It is estimated that more than 100 million people have lost their lives as a result of genocide in the last 100 years. Worldwide dictators and their willing helpers have persecuted and killed people because of religion, nationality and ethnic or racial affiliation, and they have thus made this century one of the bloodiest in human history.

Genocide Century

The 20th century has been rightly called “genocide century,” although the deliberate destruction of groups is far from a phenomenon known only in the 20th century. There are several examples of genocide throughout history, but never have so many people lost their lives as a result of genocide as in the 20th century. It’s hard to say why exactly the 20th was the “genocide century, “ but possible explanations could be technological advances, flourishing nationalism, and the emergence of mass media.

Although the deliberate destruction of groups is an old familiar phenomenon, it was only with the Nazi crimes against the Jews during World War II that the outrageous practice was named. The originator of the concept of genocide was the Polish-Jewish lawyer Raphael Lemkin, who fled Poland in 1938 to avoid becoming a victim of Nazi atrocities against Jews. Lemkin combined in his 1944 book the Greek word for tribe or race “genos” with the Latin word for killing or kill “cide”, and thus arose the concept of “genocide”, which the Danish translated into genocide.

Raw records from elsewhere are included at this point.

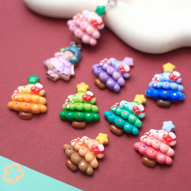 100pcs Simulation Christmas tree Flat back Resin Cabochon Phone Decoration Crafts DIY Scrapbooking Accesories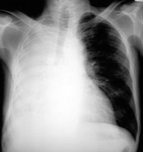 Resorptive atelectasis When airways are obstructed there is no further ventilation to the lungs and beyond. In the early stages blood flow continues and gradually the oxygen and Nitrogen get absorbed, resulting in atelectasis. The following in an example of right lung resorptive atelectasis. In this instance, atelectasis followed bronchial obstruction due to cancer. Lung is not permitted to assume complete atelectatic state as occusr in pneumothorax as it is held by the negative pressure in pleura. Some amount of fluid exudes into alveoli, and thus it is not completely empty. |
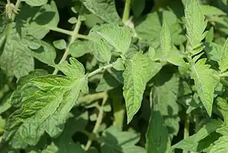 Solanum lycopersicum tomato Solanaceae Like many other members of the nightshade family Solanaceae, tomato leaves and stems contain solanine, a glycoalkaloid which is toxic if ingested, causing digestive upset and nervous excitement. Use of tomato leaves as an herbal tea (infusion) has been responsible for at least one death.[35] Leaves, stems, and green unripe fruit of the tomato plant also contain small amounts of the poisonous alkaloid tomatine,[36] although levels are generally too small to be dangerous.[36][37] Ripe tomatoes do not contain any detectable tomatine.[36] Tomato plants can be toxic to dogs if they eat large amounts of the fruit or chew the plant material.[38]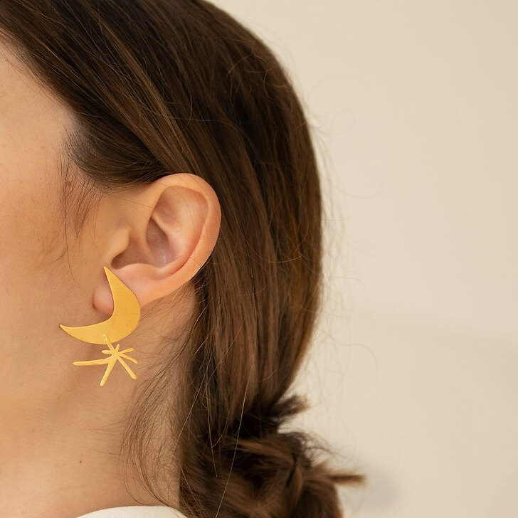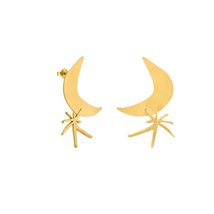 Made of 24 K gold-plated metal. A big moon and a star composition at the bottom.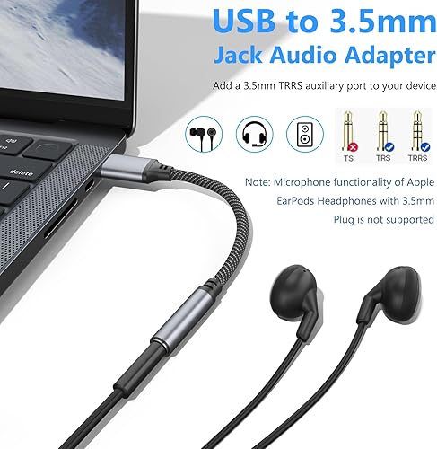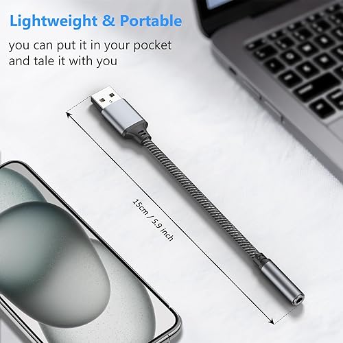 Wide Compatibility: Works with most USB-enabled devices (laptops, desktops, tablets) to connect 3.5mm audio gear—headphones, speakers, or microphones. No extra setup for seamless audio use.

Genocide Convention Defining the Genocide

In the aftermath of the Nazi crimes, the UN adopted in 1948 the Genocide Convention, which legally defined the concept of genocide. The convention defines genocide as acts committed with the intention of totally or partially destroying a national, ethnic, racial or religious group. The purpose of the convention was to prevent future genocide, but history has unfortunately since shown that the Holocaust would not be the last genocide of the 20th century.

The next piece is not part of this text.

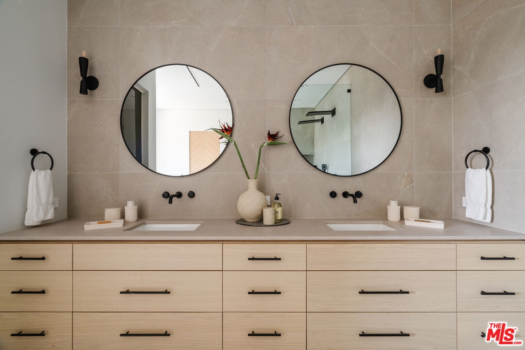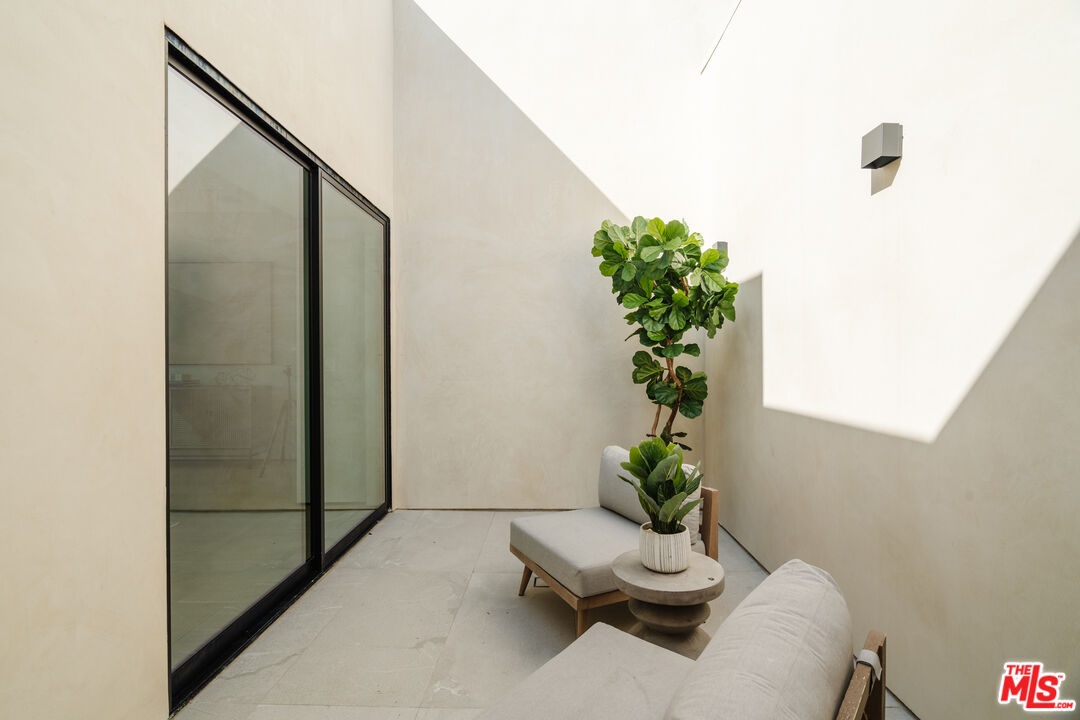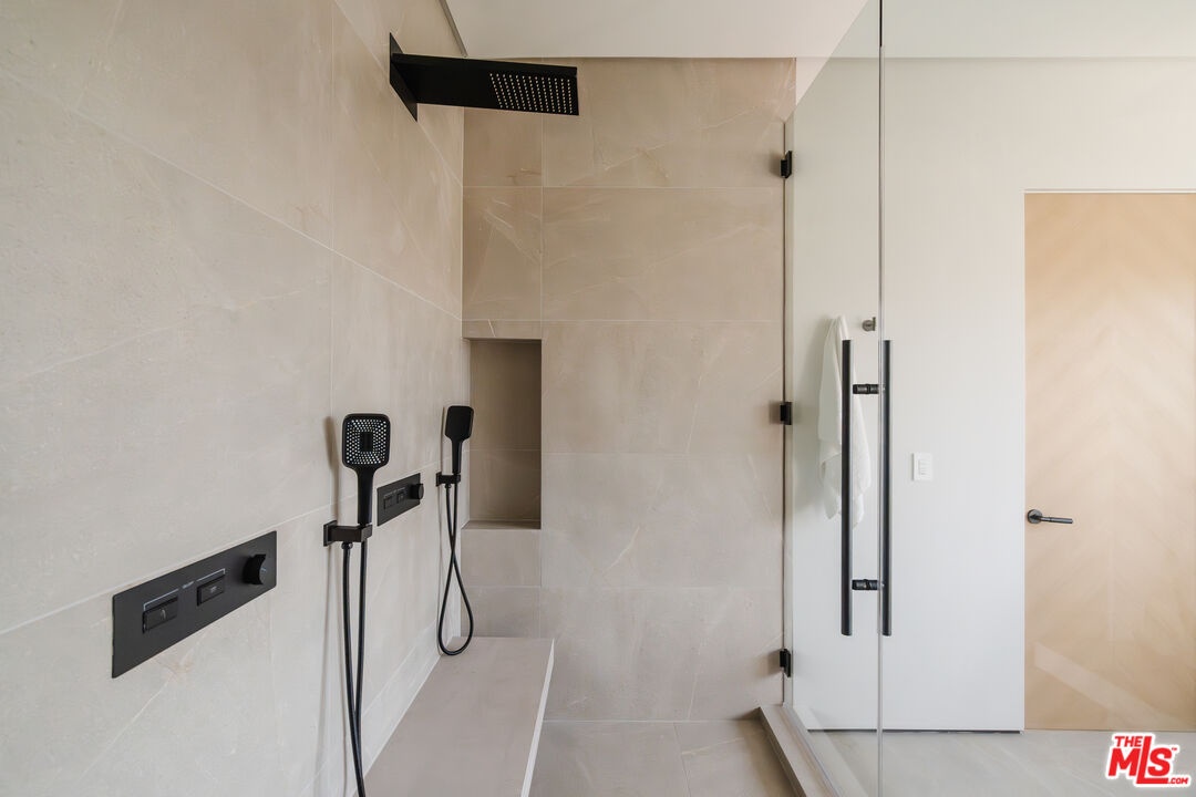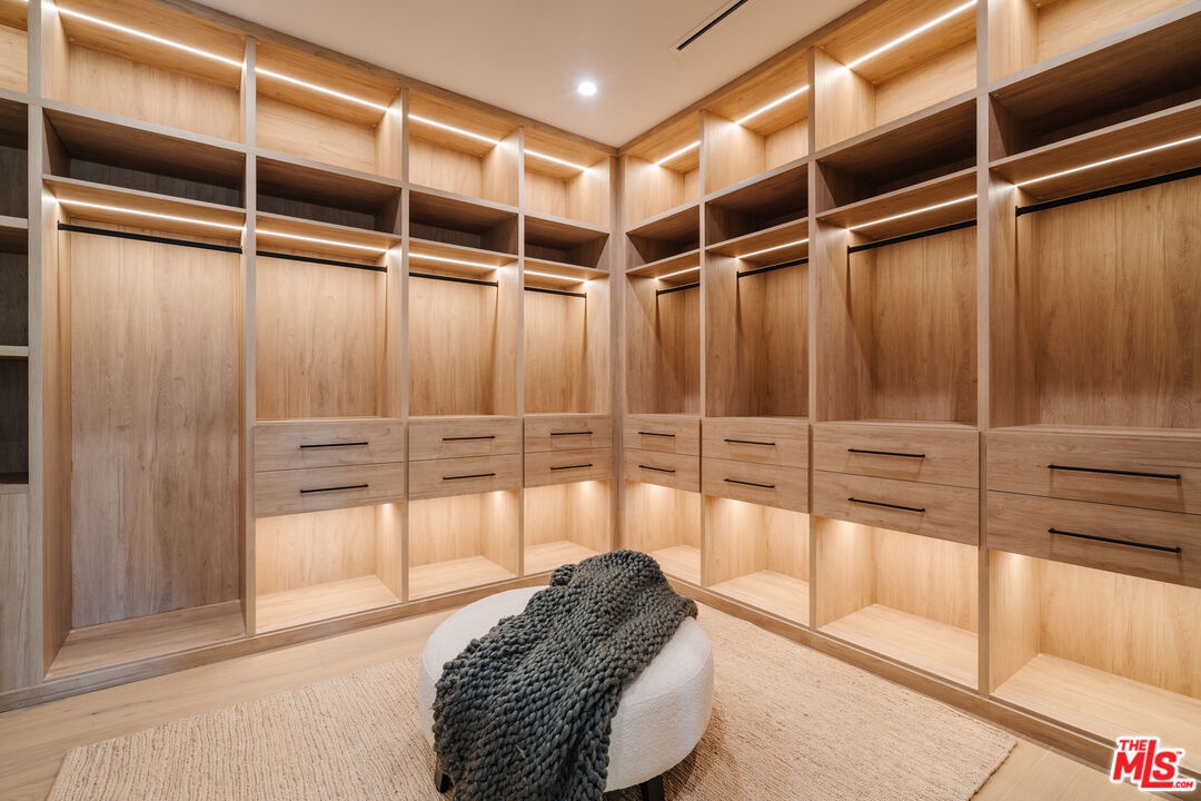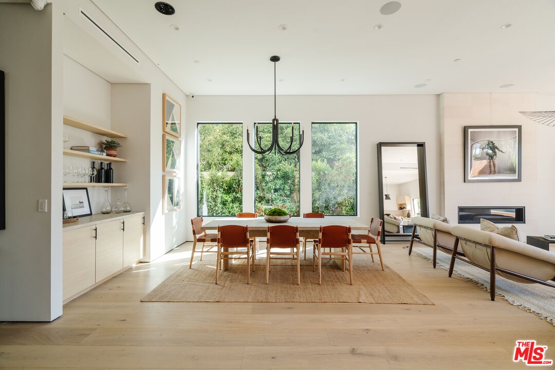Presenting this exceptional 2023 custom new construction a 5-bedroom, 5.5-bathroom smart home with rooftop that blends refined luxury with modern functionality. From the moment you step through the custom oak entry door, you're greeted by a fully automated Control4 smart system that tailors lighting, sound, and climate to your preferences, setting the tone for effortless living in this solar-powered sanctuary. The main level is centered around a striking Great Room featuring an illuminated wine wall and 16-foot retractable glass pocket doors that dissolve the boundary between indoor and outdoor living. The doors open to a stunning KAYU Golden Balau hardwood deck, seamlessly connecting the interiors to a vibrant backyard oasis. At the heart of the home, the chef's kitchen stuns with Shinnoki Milk Oak cabinetry and sleek porcelain travertine countertops and island, complemented by a premium built-in Wolf stovetop. A unique pass-through window opens directly to the backyard for easy entertaining. The backyard is a resort-style retreat with a heated pool and jet spa, both controlled by an automated system with customizable lighting and temperature settings. New upgrades include a sauna, cold plunge, and an outdoor dining area perfect for unwinding in total luxury. Ascend the floating staircase bathed in natural light from oversized picture windows and a skylight to discover four spacious ensuite bedrooms, each featuring custom floor-to-ceiling cabinetry and wide-plank European white oak flooring. The primary suite is a true sanctuary, with a custom limewashed accent wall, a private balcony overlooking the backyard, and a serene open-air lounge area. The suite also includes a cozy linear fireplace, a built-in wet bar with Shinnoki Milk Oak cabinetry, and a walk-in closet with LED-lit, custom shelving and cabinetry. The spa-like primary bathroom is dressed in full-slab stone tile and features dual vanities, dual shower heads, a freestanding soaking tub, and a smart toilet with bidet.Additional highlights include a state-of-the-art media room with 7.1 surround sound, a professionally installed security system, a rooftop entertaining area spanning approximately 800 square feet with a built-in grill and fire pit, and sweeping views of the Hollywood Hills that glow golden at sunset. The finished garage is complete with an EV charger and brand-new epoxy floors, ensuring every detail of this property is as functional as it is beautiful. This one-of-a-kind home was designed for elevated living, seamlessly combining organic materials, innovative design, and high-end features in every corner. An extraordinary offering one of the best walkable areas in Los Angeles.

According to the UN Convention, Article II defines genocide as any of the following acts committed with the intention of totally or partially destroying a national, ethnic, racial or religious group, as such: killing members of the group; doing members of the group serious bodily or mental harm; deliberately inflicting on the group conditions of life calculated to bring about the group’s total or partial physical destruction, to implement measures intended to prevent births within the group; and forcibly transferring children of the group to another group.

Although the concept of genocide is defined in the UN Genocide Convention, it is not always easy to determine when the case is genocide. It will indeed always be a matter of how the Convention definition is interpreted. The number of genocides is very controversial, and there are many examples of controversial disputes and crimes that not all scientists are willing to describe as genocide.

In the example of the events of 1965-66 in Indonesia occurs the same problem of definition, and there are differing opinions about whether the killings can be defined as genocide or mass murder. The problem is that the groups – “communists” or simply “opponents” – that were the primary goal of the destruction do not fall under the UN Convention categories of “national,” “ethnic,” “racial” or “religious” group. However, looking at the thousands of victims who were ethnic Chinese, it is the definition of genocide under the UN Convention – even though there were many more victims who were not ethnic Chinese.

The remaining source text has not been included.